French Socialist Party candidate Segolene Royal and her right-wing opponent, Nicolas "Sarko the American" Sarkozy, won the first round French presidential election. Sarkozy won 30.5% of the vote to Royal's 26% Centrist candidate Francois Bayrou picked up 18.6% of the vote. Far right candidate Jean-Marie Le Pen, who criticized the "non-Frenchness" of Sarkozy, whose parents came from Hungary, picked up 10.4% of the vote.
Sarkozy has also been called a "little French Hitler" by our French sources, many of whom have served in intelligence and military jobs.
Although the neocon media, which is in Sarkozy's corner, is claiming that Sarkozy is the front-runner and that he will now steer to the center to pick up the support of Bayrou voters, the French election is not that simplistic. First of all, like questionable elections in the United States, Italy, Mexico, and other countries where the use of electronic voting machines resulted in skewed, similar use of electronic machines have already resulted in charges of fraud, in favor of Sarkozy, in the first round French election. With such fraud already taking place, some French observers are already predicting that Sarkozy will win through electronic voting machine fraud -- a factor that has favored neo-cons in other elections around the world. Philippe de Villiers, a far-right Catholic nationalist presidential candidate who voted in Herbier in the Vendees, called the electronic voting machine he used a "cheating machine."
He's back!
Exit polls showed that voters who opted for Bayrou did so because thet thought Sarkozy was too right-wing. It is doubtful they would switch to Sarkozy in the second round even with centrist messages coming from the "little French Hitler." Similarly, many Le Pen voters did not vote for Sarkozy because they considered him too "non French" and opposed his close ties to Israel, the Samuel Huntington school of a "Clash of Civilizations," and the American Republican Party. It is also doubtful that they will change their stance and vote for Sarkozy. This means that in the second round, a number of Bayrou supporters will break for Royal, even if Bayrou endorses Sarkozy. Le Pen supporters are more likely to remain at home, although those that do vote would hardly embrace a candidate they consider to be a "foreigner." Some Le Pen voters will also likely break for Royal.

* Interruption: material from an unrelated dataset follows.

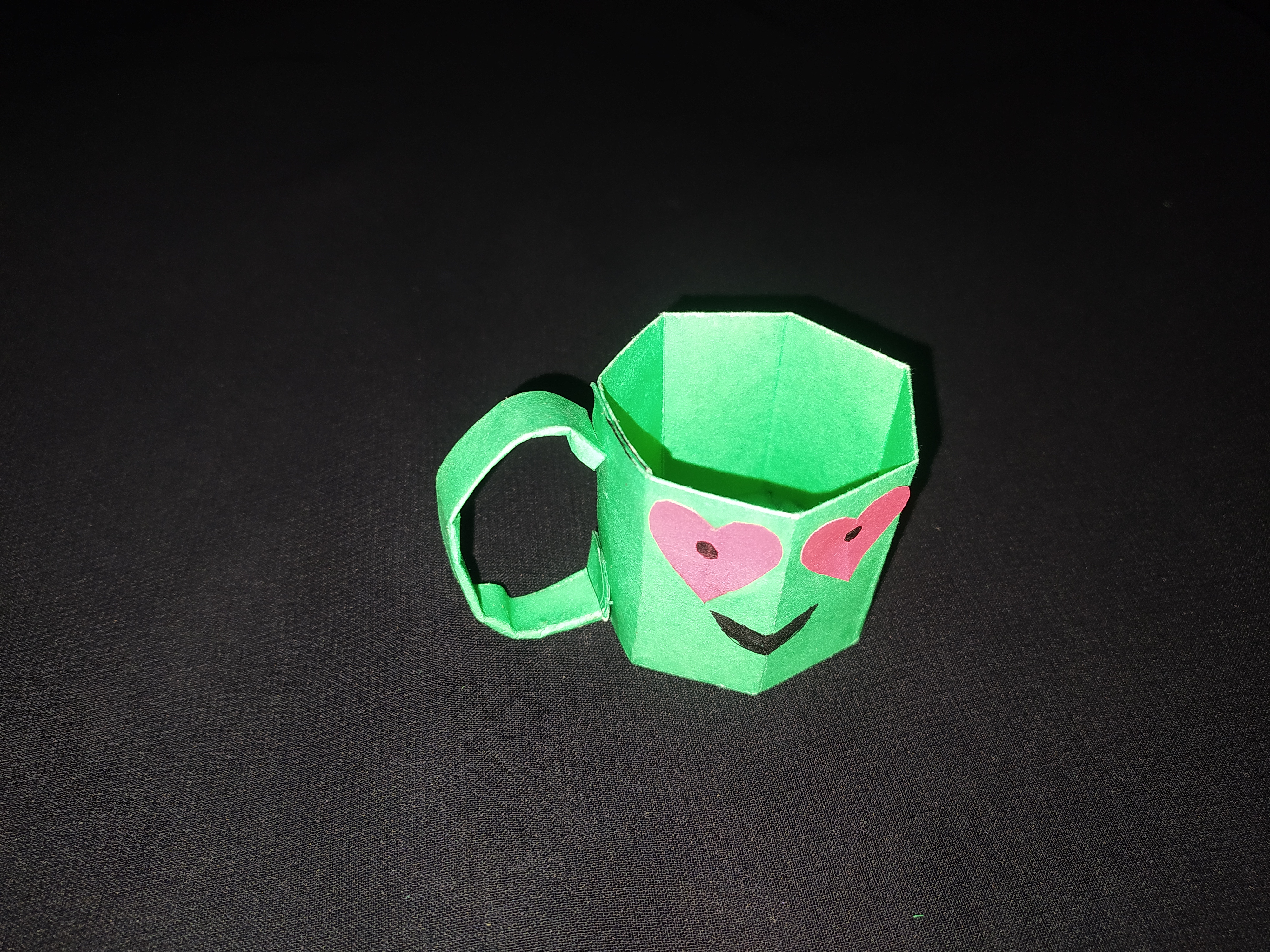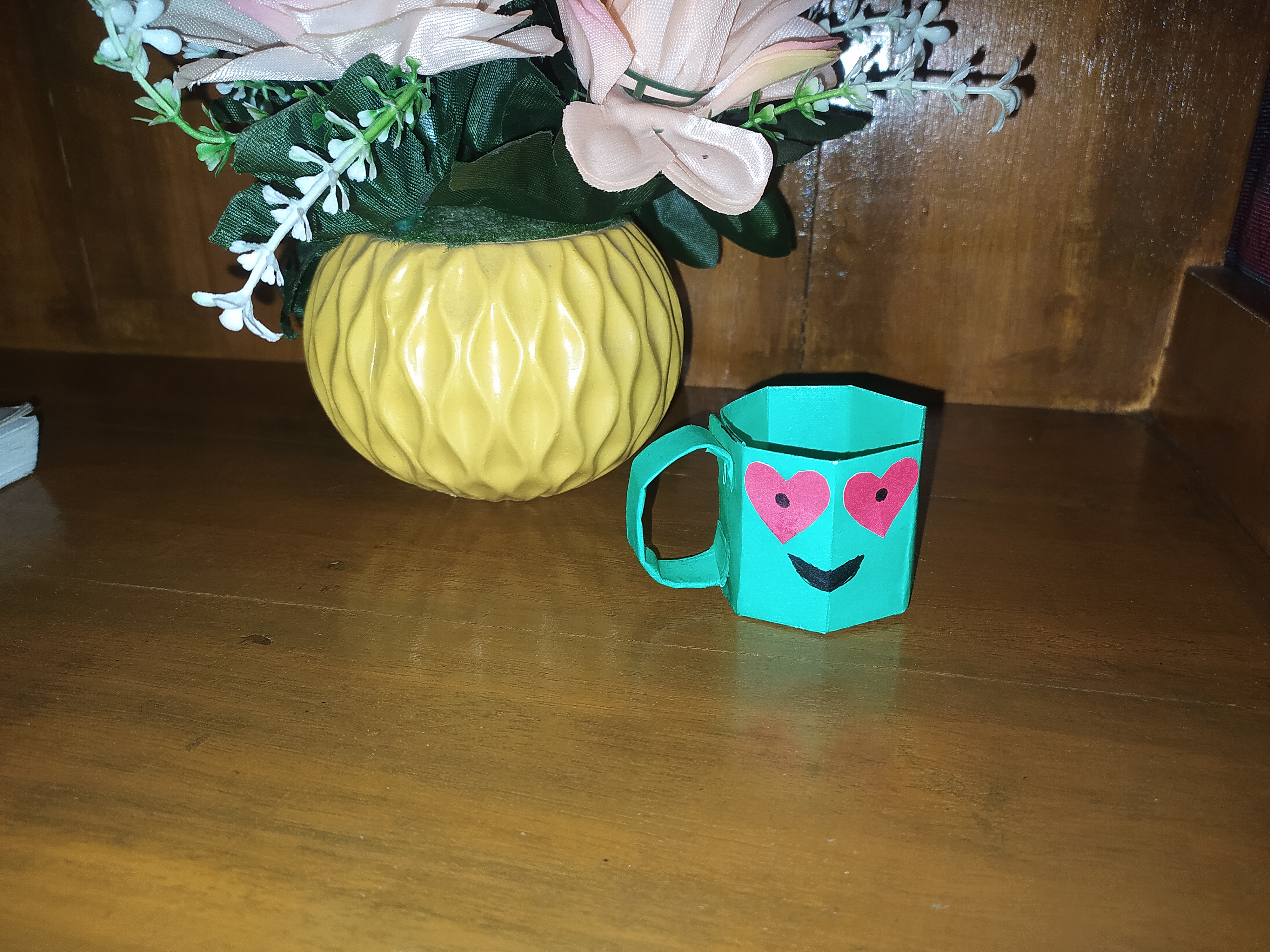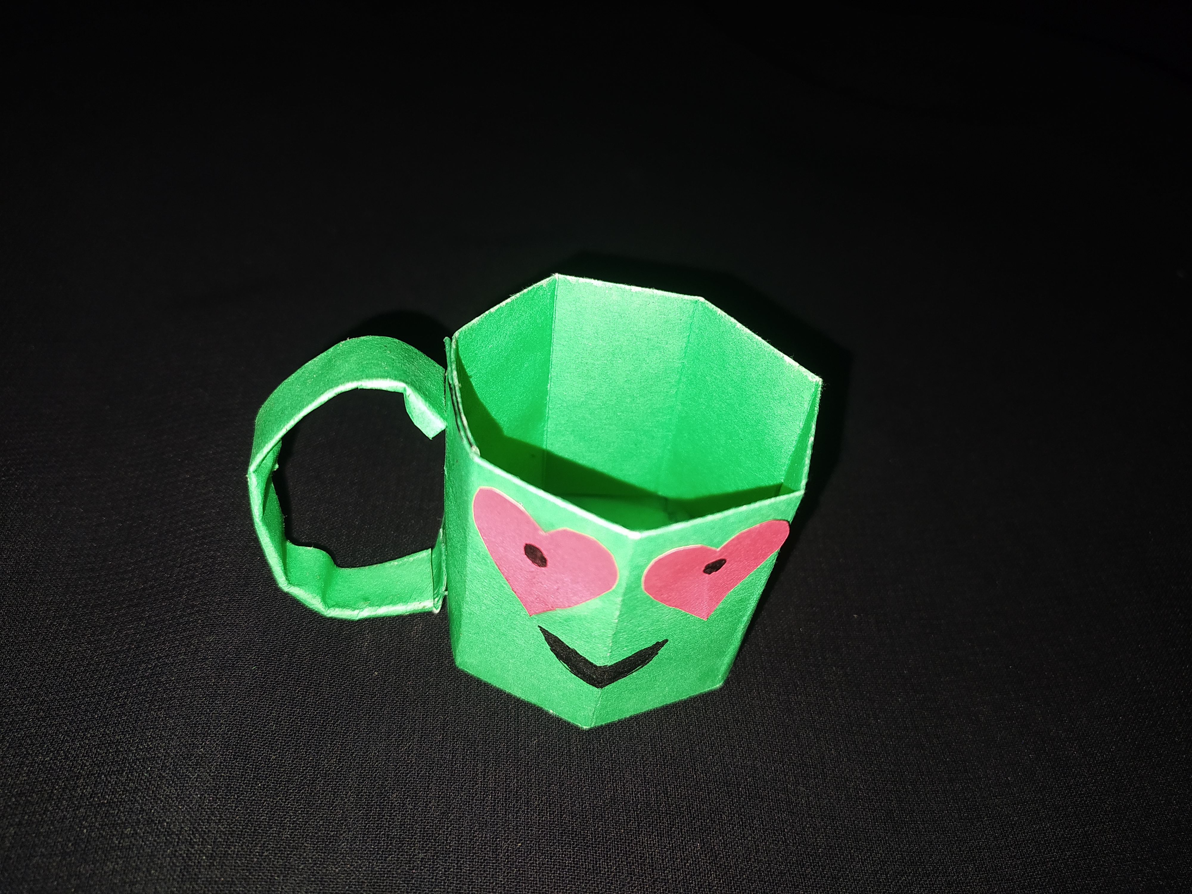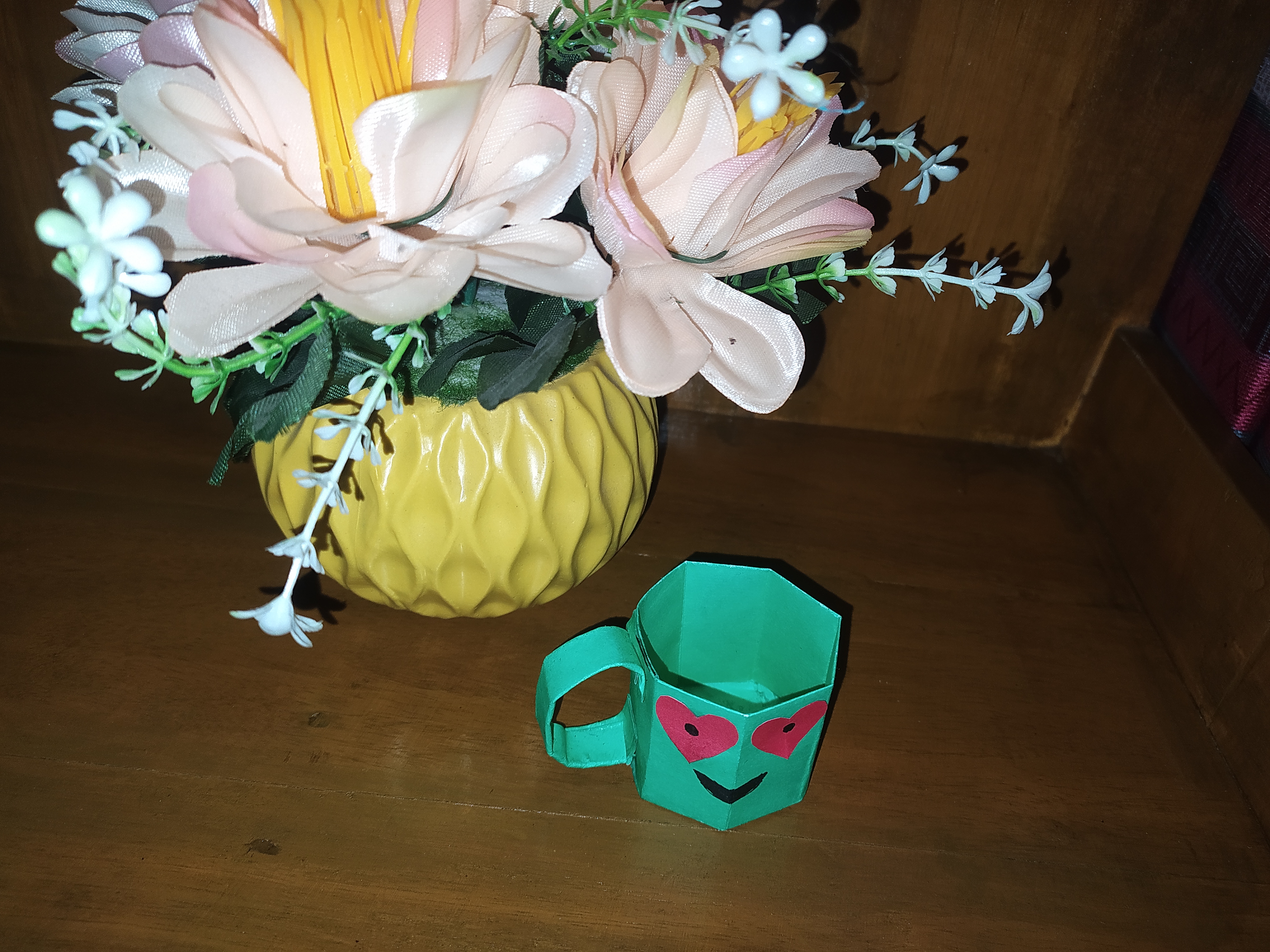 জি ভাইয়া ছোট ছোট কাগজ দিয়ে সুন্দর সুন্দর জিনিস তৈরি করলে ঘরের সৌন্দর্য বৃদ্ধি পায়। ভাইয়া কাপটি তৈরি করার পর ভাবলাম এর মধ্যে লাভ আকৃতির দুটি চোখ দিয়ে দেয়।আসলে এই দুটো লাভ দেওয়ার কারণেই কাপটি আরো সুন্দর হয়েছে। ধন্যবাদ ভাইয়া।

With this arithmetic, if Royal picks up a half of Bayrou votes and the 9.5% who voted for Trotskyite, Communist, and Green candidates, that increases her percentage to 43.5% compared to Sarkozy's 44%, if the other half of Bayrou votes go to Sarkozy. That leaves the 10.4% who voted for Le Pen. In the end, it is doubtful they will break for "Sarko the American" of Hungarian roots. If any turn out to vote, it appears likely they will vote for the candidate who is "more French," especially if Le Pen withholds an endorsement for Sarkozy. But with such a close election, the neocons are already busy calculating how they will manipulate the electronic voting machines. Another neocon contrivance may end up as the next president of a country through computerized election engineering.